- What you have to do: Please repeat the data exactly. Any picture in it stays out.

- Information shown:
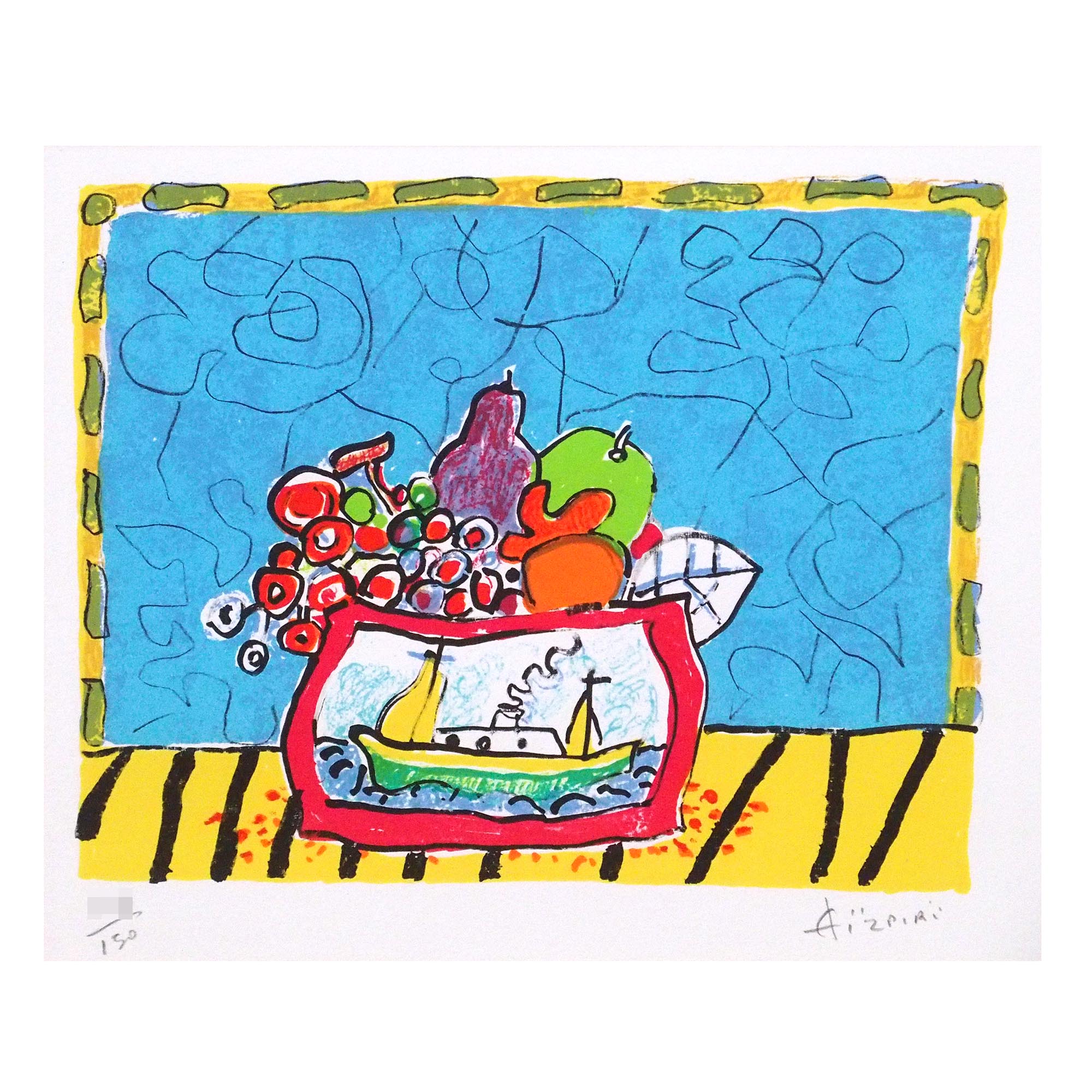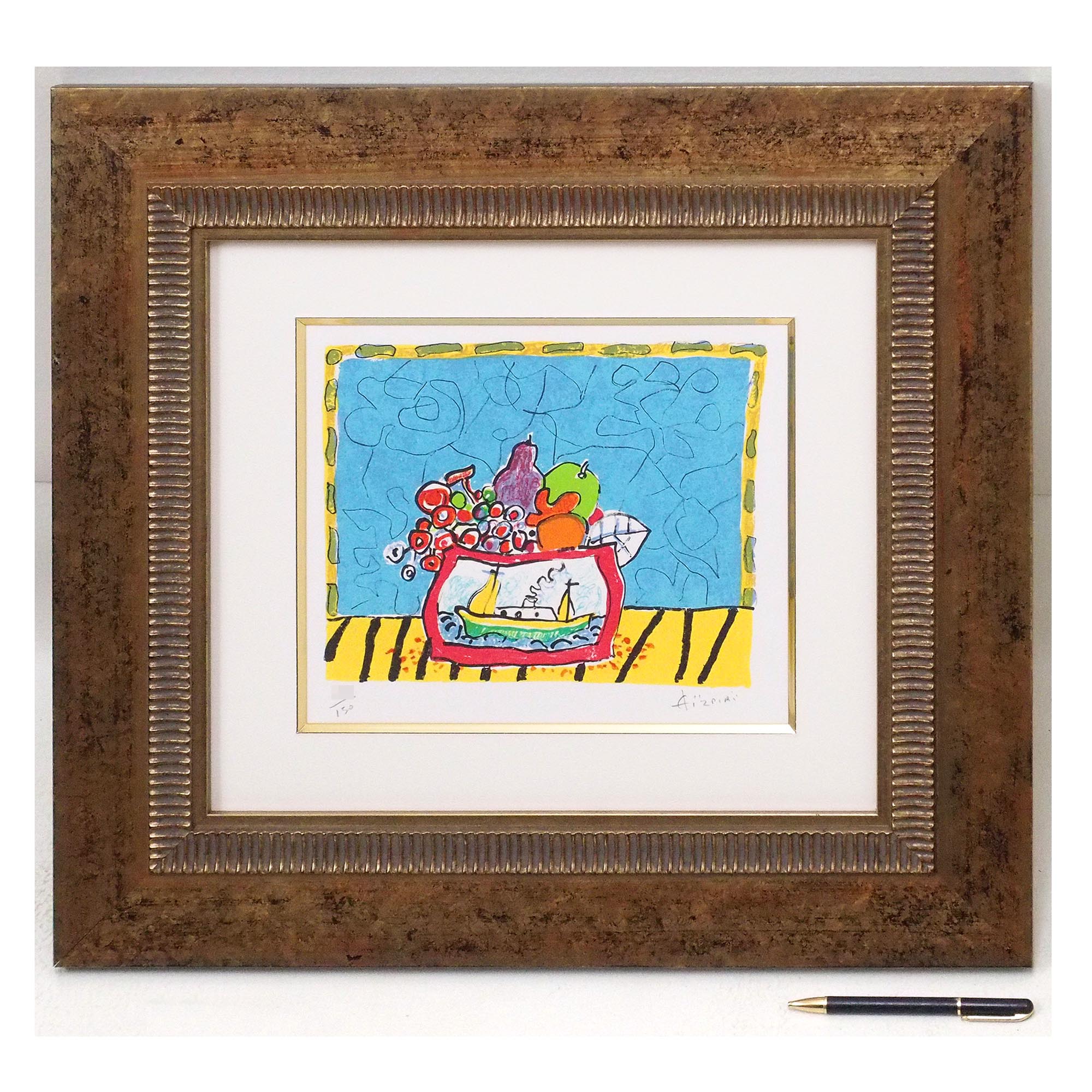 「ブルーバックの静物」ポール・アイズピリによる直筆サイン入りのリトグラフです。
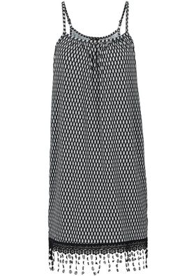 O piesă fermecătoare de vară, cu croi lejer pe trup, breteluţe delicate şi tivul poalei ornat cu dantelă adorabilă şi cu franjuri jucăuşi. Lungimea la măr. 36/38 este de cca. 86 cm. Material superior: 95% vâscoză, 5% elastan
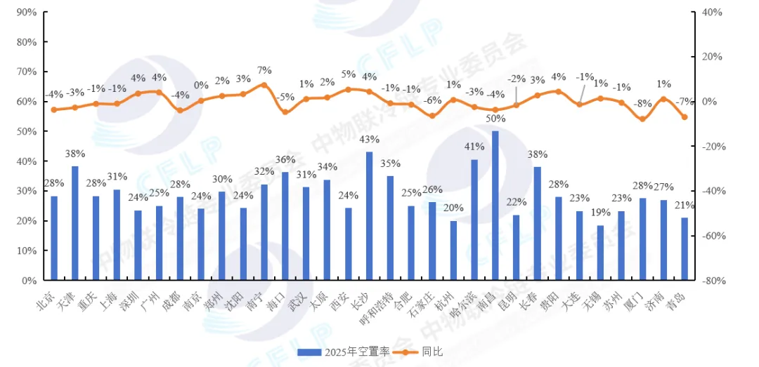 图4 2025年部分城市冷库空置率

- Solution to the exercise:
 「ブルーバックの静物」ポール・アイズピリによる直筆サイン入りのリトグラフです。
 O piesă fermecătoare de vară, cu croi lejer pe trup, breteluţe delicate şi tivul poalei ornat cu dantelă adorabilă şi cu franjuri jucăuşi. Lungimea la măr. 36/38 este de cca. 86 cm. Material superior: 95% vâscoză, 5% elastan
 图4 2025年部分城市冷库空置率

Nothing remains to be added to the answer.